L’année 2025 a été un véritable combat pour Les Ciments de Bizerte. Les chiffres du quatrième trimestre cachent une réalité brute: celle d’une usine qui tourne au ralenti. L’entreprise se bat sur tous les fronts. Elle veut garder ses clients, mais aussi protéger ses salariés.
Le blocage du four
Le problème majeur? La production de clinker est à l’arrêt depuis plus d’un an. Le four est éteint. Pourquoi? Parce que la société manque de coke de pétrole. Sans argent pour importer ce combustible, l’activité est bloquée.
C’est un cercle vicieux. Les caisses sont vides. Les dettes s’accumulent. Aujourd’hui, l’entreprise peine à payer ses fournisseurs et ses banquiers.
Un choix de secours: le broyage
Pour ne pas disparaître, il a fallu s’adapter. L’usine achète désormais du clinker déjà produit pour le broyer sur place. C’est une stratégie de défense.
Et ça fonctionne, un peu. Au dernier trimestre 2025, la production de ciment a bondi de 28,44%. La chaux, elle, progresse de plus de 68%. La demande est là, solide.
Des revenus en hausse, mais une finance fragile
Côté ventes, les nouvelles sont encourageantes. Le chiffre d’affaires local a grimpé de 54% en fin d’année. Sur l’ensemble de 2025, les revenus dépassent 40 millions de dinars.
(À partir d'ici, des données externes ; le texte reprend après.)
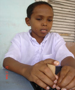 C/xakiin Maxamuud Xaashi waxaa uu ka mid yahay Ardayda wax ka barata dugsigaas, wuxuuna ka waramayay dhibaatada ay bulshad Indhaha qabta kala kulmaan haddii ay yihiin dadka aan indhaha wax ka arki karin, wuxuuna sheegay in xadgudub loo geysto, �mararka qaarkood waxaa dhacda in adigoo dhagax ama god ku dhici raba ay kugu qeyliyaan dadka, iyagoo si xoogan uu leh war haku dhicin godka, taasina ay keento in aad godkii ama dhagaxii ku dhacdo naxdin daraadeed iyadoo ay dhici kartay in aad si tartiib ah uga gudubto�ayuuna yiri C/xakiin oo ka codsaday dadka itaalka leh in ay dadka naafada ah u naxariistaan.

L’entreprise utilise aussi son quai pour décharger du combustible pour d’autres clients. Cela rapporte un peu d’oxygène financier. Mais attention: malgré ces efforts, la situation reste critique. L’arrêt prolongé du four pèse trop lourd sur les finances.
Quel avenir pour 2026?
Pour le début de l’année, la prudence est de mise. Les objectifs sont clairs:
- Réduire les coûts au maximum.
- Continuer à broyer du clinker en attendant mieux.
- Vendre plus sur le marché tunisien.
- Maintenir la paix sociale dans l’usine.
L’essentiel? Tenir bon. Les Ciments de Bizerte cherche à survivre et à préparer un vrai redémarrage. La pression financière reste immense, mais l’usine refuse de s’éteindre.